Investment income percentage in excel

Investment income percentage is a measure of how much income an investment generates relative to its initial cost. It can be used to compare the performance of different investments or to evaluate the profitability of a single investment over time.

To calculate investment income percentage in Excel, you can use the following formula:

= (Income – Cost) / Cost

This formula subtracts the initial cost of the investment from the income it produces, and then divides the result by the cost. The output is a decimal number that can be formatted as a percentage in Excel.

For example, suppose you invested $10,000 in a bond that pays $500 in interest every year. To find the investment income percentage, you would enter the following formula in Excel:

= ($500 – $10,000) / $10,000

The result is -0.95, which means that the investment income percentage is -95%. This indicates that the investment is losing money, as the income is much lower than the cost.

To format the result as a percentage, you can select the cell and click on the Percentage button in the Number group on the Home tab. Alternatively, you can press Ctrl + Shift + % on your keyboard. This will change the display of the cell to -95.00%.

To make the calculation more dynamic, you can use cell references instead of hard-coded values. For example, you can enter the cost of the investment in cell A2, the income in cell B2, and the formula in cell C2. This way, you can easily change the input values and see the updated result.

Here is an example of how the Excel spreadsheet might look like:

Table

Cost Income Investment Income Percentage
$10,000 $500 -95.00%

To illustrate the concept further, let’s create a scenario with real numbers. Suppose you have $50,000 to invest and you are considering two options: a stock that pays $2,000 in dividends per year and has a current price of $100 per share, and a bond that pays $1,500 in interest per year and has a face value of $1,000. You want to compare the investment income percentage of each option.

To do this, you need to calculate the cost and the income of each option. For the stock, the cost is the number of shares you can buy with $50,000, multiplied by the price per share. The income is the number of shares you own, multiplied by the dividend per share. For the bond, the cost is the number of bonds you can buy with $50,000, divided by the face value of the bond. The income is the number of bonds you own, multiplied by the interest per bond.

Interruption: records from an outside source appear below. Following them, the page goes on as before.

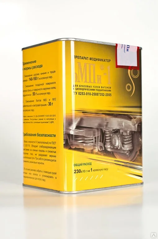 Препарат-модификатор эМПи®-1 для буксовых узлов вагонов с цилиндрическими подшипниками изготавливается в соответствии с ТУ 0253-010-25887352-2005.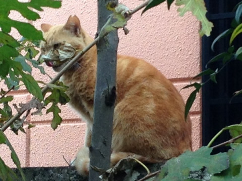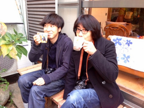 数匹のねこを眺めながら、プリグラフィックスのおふたりと縁側でコーヒー。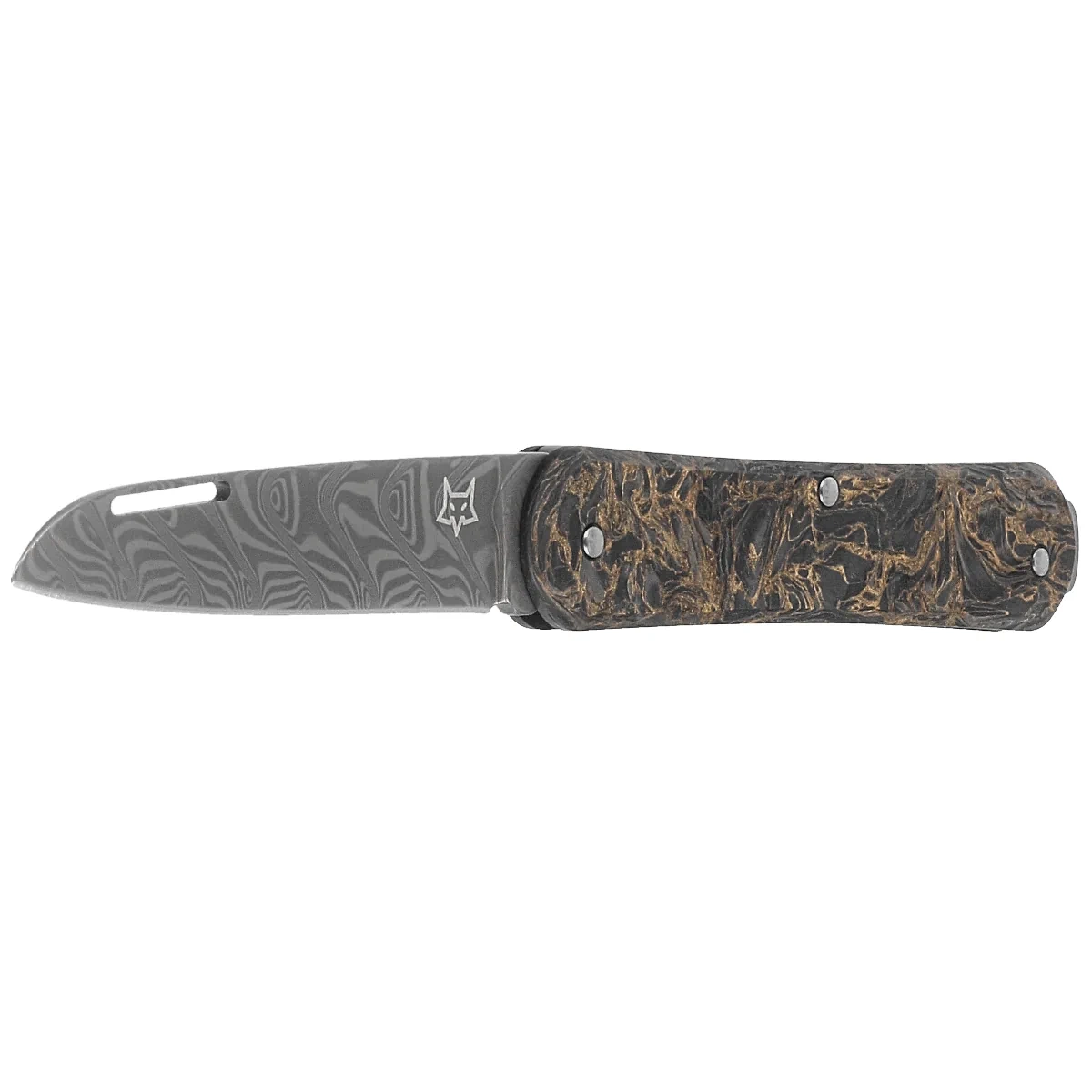 Fox Vulpis 130 LE No 128/250 Dark Matter Fat Carbon, Super Clean Damascus by Balbach Damast Pocket Knife (FX-VPDAM130 DMGO)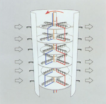◆ 物料沿指數(shù)螺旋線流經(jīng)趕走盤表面,在小干燥盤上的物料通過(guò)耙葉的翻抄被移動(dòng)到外緣,并在外緣落在正下方的大干燥盤外緣,在大干燥盤上的物料向里移動(dòng)并從中間落料口落入下一層小干燥盤中。大、小干燥盤交替排列,被干燥物料得以連續(xù)流經(jīng)整個(gè)干燥有效區(qū)。物料受熱均勻,無(wú)返混,無(wú)死角,終水分穩(wěn)定、一致。確保成品質(zhì)量。盤式干燥機(jī)中的關(guān)鍵部件耙葉、干燥圓盤,采用多道特殊的壓制、成型工藝,確保干燥效果和設(shè)備的正常運(yùn)行。對(duì)于有些地區(qū)一年四季氣溫變化及空氣相對(duì)濕度高等特點(diǎn),成品物料水分接近無(wú)水的要求,在盤式干燥的基礎(chǔ)上,輔以空氣加熱干燥并及時(shí)排濕的措施,避免了蒸發(fā)濕份冷凝回流,確保終水分一次性達(dá)到要求。

Using Excel, you can enter the following formulas:

Table

Option Cost Income Investment Income Percentage
Stock =ROUNDDOWN($50,000/$100,0)*$100 =ROUNDDOWN($50,000/$100,0)*$2,000 = (B2 – A2) / A2
Bond =ROUNDDOWN($50,000/$1,000,0)/$1,000 =ROUNDDOWN($50,000/$1,000,0)*$1,500 = (B3 – A3) / A3

The ROUNDDOWN function is used to round down the number of shares or bonds to the nearest integer, as you cannot buy fractional units. The result is as follows:

Table

Option Cost Income Investment Income Percentage
Stock $49,900 $998 2.00%
Bond $50,000 $750 1.50%

The investment income percentage of the stock option is 2%, while the investment income percentage of the bond option is 1.5%. This means that the stock option generates more income relative to its cost than the bond option.

However, investment income percentage is not the only factor to consider when evaluating an investment. You should also take into account the risk, volatility, growth potential, tax implications, and other aspects of the investment. For example, the stock option might have a higher chance of losing value or fluctuating in price than the bond option, which might affect your overall return.

Another approach to calculate investment income percentage is to use the RATE function in Excel. This function returns the interest rate per period of an annuity, which is a series of fixed payments made at regular intervals. An investment can be viewed as an annuity, where the initial cost is the present value, the income is the payment, and the number of periods is the duration of the investment.

The syntax of the RATE function is:

= RATE (nper, pmt, pv, [fv], [type], [guess])

where:

  • nper is the total number of payment periods.
  • pmt is the payment made each period.
  • pv is the present value of the annuity.
  • fv is the future value of the annuity, which is optional and defaults to 0.
  • type is the timing of the payment, which is optional and can be either 0 (end of period) or 1 (beginning of period). It defaults to 0.
  • guess is an initial estimate of the interest rate, which is optional and defaults to 0.1.

Using the same scenario as before, you can enter the following formulas to calculate the investment income percentage using the RATE function:

Table

Option Cost Income Investment Income Percentage
Stock $49,900 $998 = RATE (1, B2, -A2)
Bond $50,000 $750 = RATE (1, B3, -A3)

Note that the present value is entered as a negative number, as it represents an outflow of cash. The result is as follows:

Table

Option Cost Income Investment Income Percentage
Stock $49,900 $998 2.00%
Bond $50,000 $750 1.50%

The investment income percentage is the same as before, as the RATE function returns the annual interest rate of the annuity. However, this approach might be more convenient if you have multiple periods or different payment timings.